Film noir, Claude Monet, modern architecture and World War 2 Buddies

Film noir, Claude Monet, modern architecture and World War 2 Buddies

Robert Tanitch reviews four books published by Taschen.

FILM NOIR 100 ALL-TIME FAVOURITES edited by Paul Duncan and Jurgen Miller (Taschen  £34.99). The shadows are deep and the angles are oblique.  Film Noir’s heyday was the 1940’s and early 1950’s. The tone was dark, sombre and gloomy. The mood was cynical, pessimistic and hard-boiled. It was an underworld of crime, corruption, betrayal and murder at night. The roots were the German expressionism of the 1920’s and the gangster movies of the 1930’s. Which is your favourite? The Maltese Falcon? Double Indemnity? The Third Man? Touch of Evil?  Sunset Boulevard? There are so many to choose from and they are all superbly illustrated. This doorstopper of a book is a film noir experience in itself. The text is white on black. The dynamic pictures make each page a drama. The impact is overwhelming.

MONET or THE TRIUMPH OF IMPRESSIONISM by Daniel Wildenstein (Taschen £12.99). Only an eye, but my God, what an eye! This major biography, richly illustrated, is terrific value. Claude Monet (1840-1926), foremost exponent of Impressionism, painted directly from nature. Always faithful to reality, he brought a new vision to landscape and the pleasures of a summer’s day. He was an incomparable painter of bright day light.  In 1899 he created the most beautiful garden in Giverny (“a Sistine Chapel of Impressionism”) and its water lilies, bathed in light, the water surface altering every minute, became the focus of his work until his death.

SMALL ARCHITECTURE NOW! by Philip Jodido (Taschen (£34.99). Size does matter. Big is not necessarily better. Space is limited. Space needs to be flexible. Small can make a big impact. The Japanese architects in particular know all about small. This is a fascinating book for anybody who is interested in modern architecture. The buildings are strange and often quite beautiful, but would you actually want to live in any of these houses? Where do you draw the line between Art and Architecture?  Many of the buildings look like art installations. Once again, the photographs (as always with Taschen) are superb.

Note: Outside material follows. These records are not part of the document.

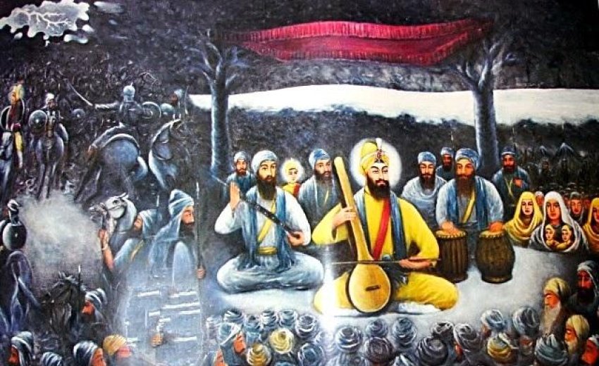 In paintings, the Guru is often depicted with a bow and arrow, sword in hand, falcon on his shoulder, the fierce warrior. But sometimes we find him holding a musical instrument, the devoted saint. He is both. He shows us the courage to face the fires in the world and our own lives with a warrior's heart and saint's eyes.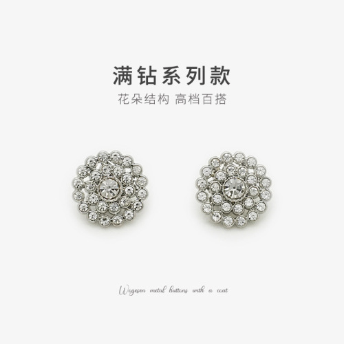accessories women's top knitted coat dress buttons classic full diamond silver metallic decorative button coat buttons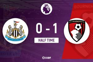 上半場傷停補時2分鐘,半場結束,紐卡斯爾聯暫0-1伯恩茅斯。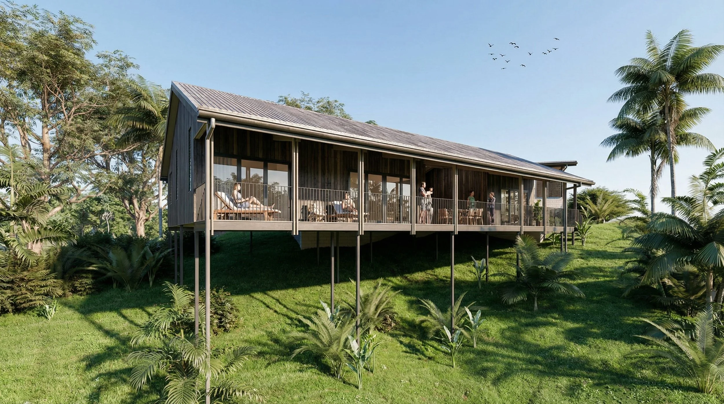 Harri is a 2 bedroom, 2 bathroom elevated house design with open plan living and a large entertaining deck area. An aesthetic design featuring external cladding to blend in with the landscape. The original design as shown in the 3D model below is raised to suit the client’s sloping property and accommodate a carport.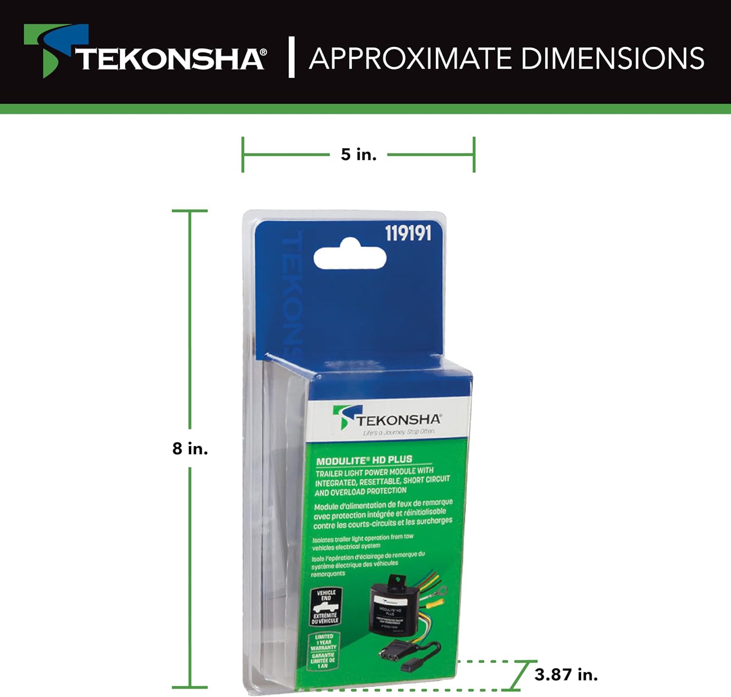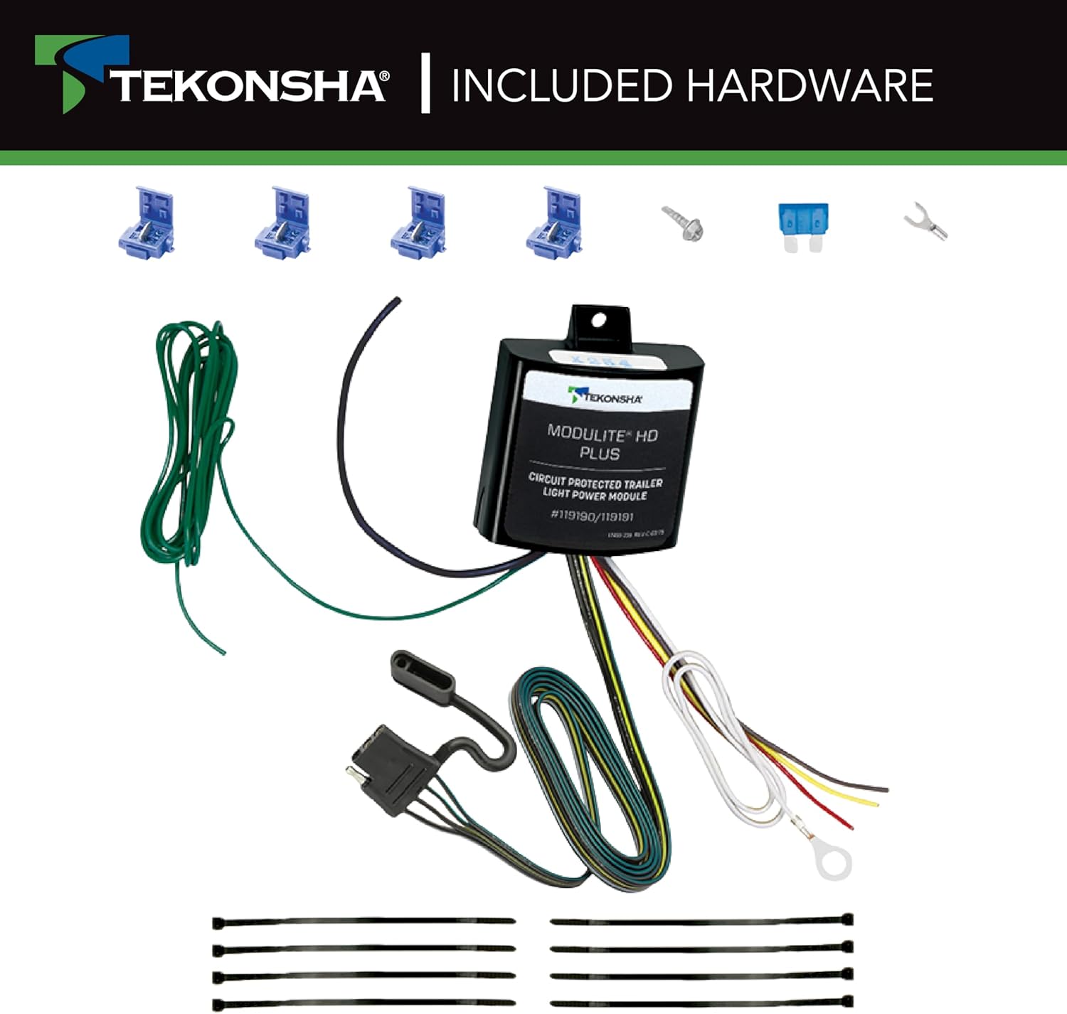 Tekonsha 4 Flat Connector ModuLite HD Plus Protector Trailer Wiring Harness powers your trailer's stop, turn, tail, and running lights without overloading your vehicle electrical systems. This trailer hitch wiring harness has integrated re-settable Short Circuit and Overload protection to safeguard itself and the tow vehicle from shorts and installation wiring mishaps. Advanced circuitry works in all standard applications as well as vehicles with ST and STT pulse width modulation (PWM) systems and can be used on a 2 wire or 3 wire system. This wiring harness for trailers is rated for up to 4.2 amps stop light/turn signal circuit capacity and 7.5 amps taillight circuit capacity. The tow hitch wiring harness kit includes wire, pigtail with 4-flat connector and cover, fuse, splices, comprehensive installation instructions, and more. Tekonsha offers the largest, most complete line of replacement vehicle wiring harnesses. So, what are you waiting for? Hit the road with the peace of mind only Tekonsha can provide. Life's a Journey. Stop Often.

MY BUDDY. WORLD WAR II LAID BARE edited by Dian Hanson (Taschen £44.99) Nudity is a great equalizer. Naked, everybody looks the same. Can you tell who is American, who is Russian, who is English?

This Michael Stokes collection of amateur snapshots was taken between battles and are records of wartime friendships, brothers in arms relaxing and fooling around. Nobody seems to mind being photographed totally in the buff. But then it’s a different time, it’s a different attitude, knowing you may well be dead tomorrow.

It’s all totally innocent; and there is nothing gay about it, it’s 100% straight. Nevertheless, 74 years on, you cannot help wondering how many of the men in these photos are still alive and what they will think of the book? There are also some interesting war time recruiting posters and magazine covers.